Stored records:
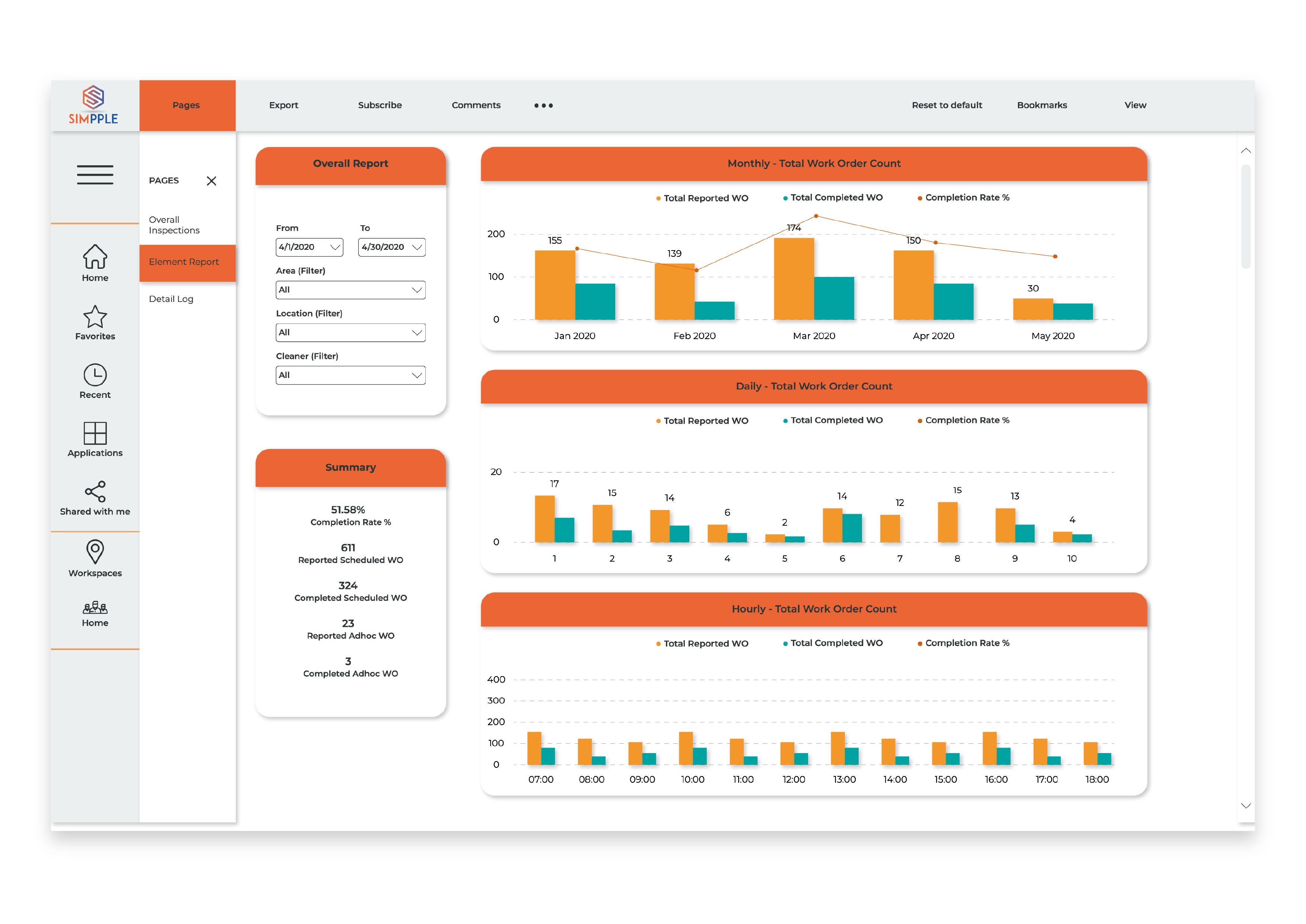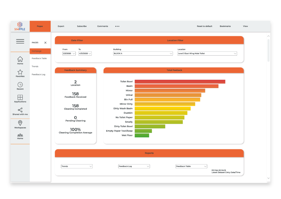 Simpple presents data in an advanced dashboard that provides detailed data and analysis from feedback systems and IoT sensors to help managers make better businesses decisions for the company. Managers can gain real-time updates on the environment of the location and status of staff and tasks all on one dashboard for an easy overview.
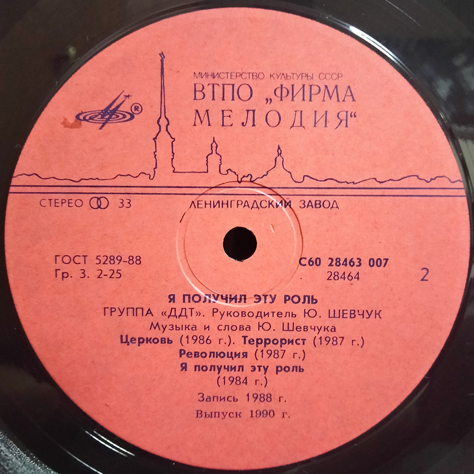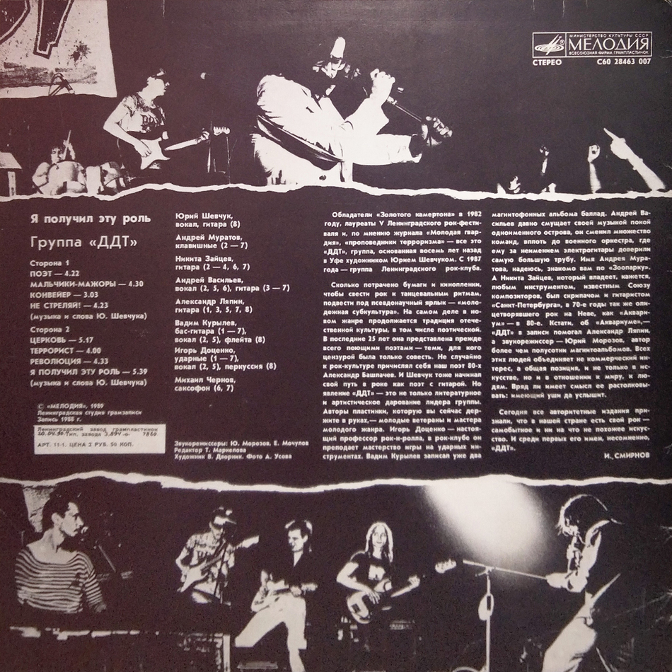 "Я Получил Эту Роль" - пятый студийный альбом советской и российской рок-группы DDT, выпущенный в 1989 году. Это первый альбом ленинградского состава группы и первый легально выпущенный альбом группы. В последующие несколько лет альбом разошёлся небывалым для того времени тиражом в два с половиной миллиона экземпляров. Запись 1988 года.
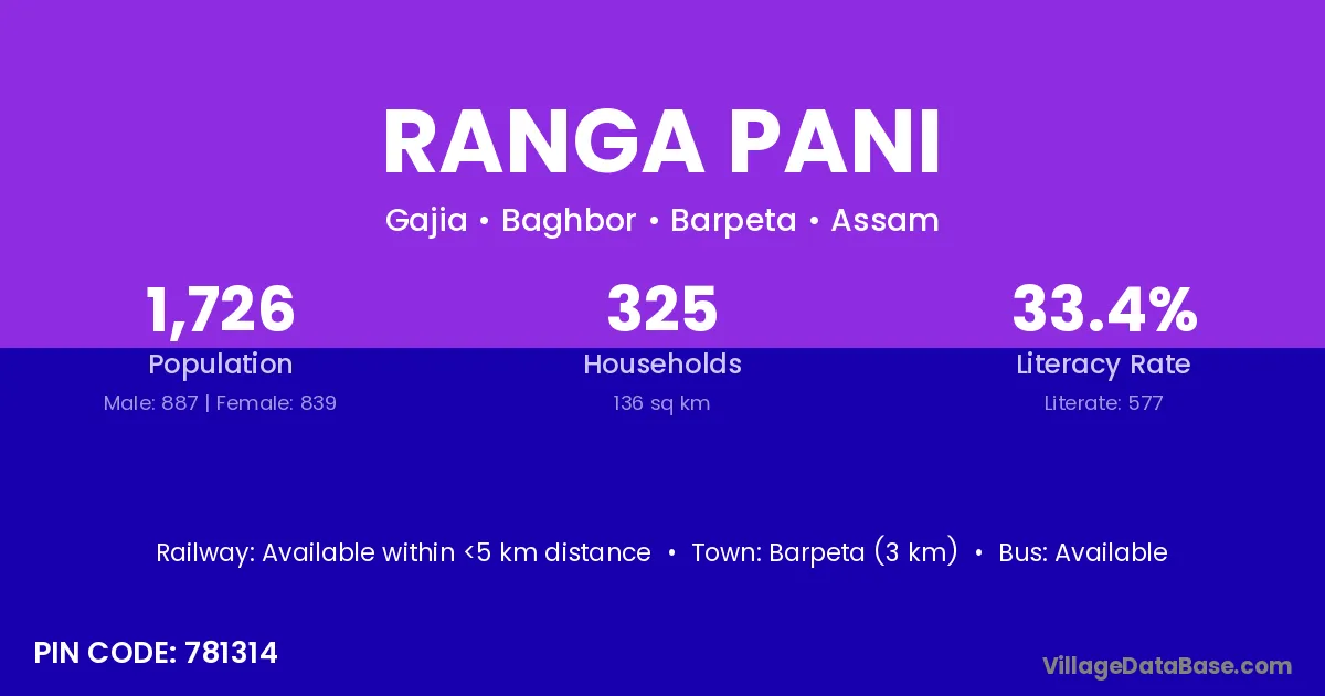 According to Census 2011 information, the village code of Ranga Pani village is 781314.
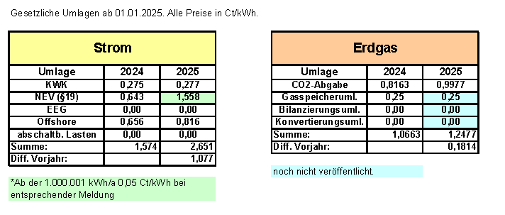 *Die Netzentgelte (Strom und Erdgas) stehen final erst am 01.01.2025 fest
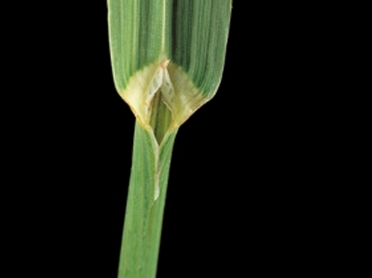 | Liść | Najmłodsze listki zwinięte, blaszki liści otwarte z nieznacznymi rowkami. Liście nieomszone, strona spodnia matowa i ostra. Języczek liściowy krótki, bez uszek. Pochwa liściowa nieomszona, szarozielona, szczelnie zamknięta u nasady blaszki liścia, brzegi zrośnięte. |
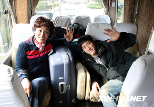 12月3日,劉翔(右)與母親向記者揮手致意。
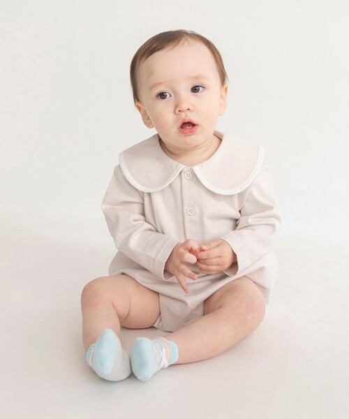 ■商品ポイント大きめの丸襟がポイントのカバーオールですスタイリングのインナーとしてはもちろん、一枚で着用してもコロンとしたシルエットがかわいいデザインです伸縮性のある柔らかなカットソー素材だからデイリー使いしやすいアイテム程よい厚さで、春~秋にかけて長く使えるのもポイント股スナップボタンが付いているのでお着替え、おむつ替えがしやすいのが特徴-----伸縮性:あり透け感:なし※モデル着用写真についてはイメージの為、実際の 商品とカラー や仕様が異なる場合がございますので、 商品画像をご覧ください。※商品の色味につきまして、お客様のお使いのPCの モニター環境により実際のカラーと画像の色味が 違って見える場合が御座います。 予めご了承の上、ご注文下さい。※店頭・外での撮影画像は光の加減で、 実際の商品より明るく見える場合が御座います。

Your task:
Leaving out every picture, repeat exactly the lines of the records from the start through the line that has "12月3日,劉翔(右)與母親向記者揮手致意。".

Task answer:
 Simpple presents data in an advanced dashboard that provides detailed data and analysis from feedback systems and IoT sensors to help managers make better businesses decisions for the company. Managers can gain real-time updates on the environment of the location and status of staff and tasks all on one dashboard for an easy overview.
 "Я Получил Эту Роль" - пятый студийный альбом советской и российской рок-группы DDT, выпущенный в 1989 году. Это первый альбом ленинградского состава группы и первый легально выпущенный альбом группы. В последующие несколько лет альбом разошёлся небывалым для того времени тиражом в два с половиной миллиона экземпляров. Запись 1988 года.
 According to Census 2011 information, the village code of Ranga Pani village is 781314.
 *Die Netzentgelte (Strom und Erdgas) stehen final erst am 01.01.2025 fest
 | Liść | Najmłodsze listki zwinięte, blaszki liści otwarte z nieznacznymi rowkami. Liście nieomszone, strona spodnia matowa i ostra. Języczek liściowy krótki, bez uszek. Pochwa liściowa nieomszona, szarozielona, szczelnie zamknięta u nasady blaszki liścia, brzegi zrośnięte. |
 12月3日,劉翔(右)與母親向記者揮手致意。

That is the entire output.